Naming conventions play an important role to the software’s overall architecture. It is not a rocket science, still, it may lead to unhappy consequences if not taken care of at the early stage of a project. This small best practices can make a code base significantly improved.

Rails does a good job by using the dynamic power of ruby and providing with a handful of dynamic methods with the models. ActiveRecord::Base and its included modules follow a consistent naming, which clearly represent the intended purpose of the methods. At Code71, we are working on ScrumPad, a 2nd generation agile scrum tool using ruby on rails and our model methods are named according to the following rules-

1. All boolean returning methods end with ‘?’

company.billable?, sprint.current?, story.in_progress?

2. Boolean methods do not start with is_ or has_ or did_ (as you might see in other popular languages)

company.is_billable? -> company.billable?
sprint.is_current? -> sprint.current?

3. find_ and find_all are used only for class (self.find or self.find_all) methods and should return a single/array of object of the class respectively.

find_* methods may return a single object of the class/nil

find_all_* methods return an array of objects of the class or [], but never a nil

4. No methods start with a get_ as other languages.

5. A method ends with ! if it alters the object itself.

sprint.close!()
story.progress!()

6. Methods that persists an object/may throw exception, should always end with ! (implied from rule 5)

invoice.update_status!(:paid)

7. Always use parentheses ‘()’ in method names. Future versions of ruby is deprecating the support for method names without parentheses.

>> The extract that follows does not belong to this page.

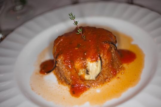 For the main. "Maqloupah. Layers of Roasted Eggplant, Ground Lamb and Rice served with Fresh Cucumber and Yogurt Sauce." This had a very nice middle eastern flavor. The eggplant, lamb, and tomato thing with yogurt was something I had a lot in Turkey. The execution was spot on.
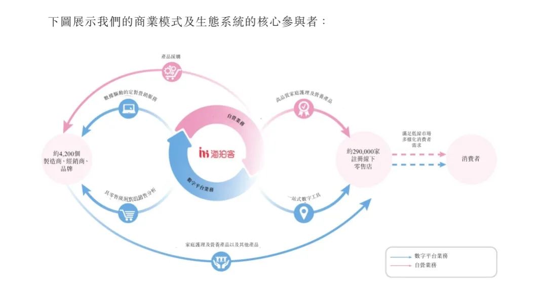 官方招股书显示,公司通过轻资产运营的海拍客平台,链接超4200家供应商与覆盖全国3000个县域的29万家采购商,构建家庭护理及营养品的供应链生态闭环,推动下沉市场消费升级。而按2024年交易额计算,海拍客已是中国低线市场家庭护理及营养产品行业最大的企业服务平台,市场份额达到10.1%。

Following these 7 simple rules we have consistent and intuitive model method names across the whole ScrumPad. Let me know if you have any suggestion to these names to make it even better.

Comments

Sohan
@Ashif, thanks!
Ashif Manjur
Thanks for these great tips. Sometimes only following the naming convention can save us a lot of time and effort to understand codes written by others. Keep posting such tips and tricks of beautiful coding.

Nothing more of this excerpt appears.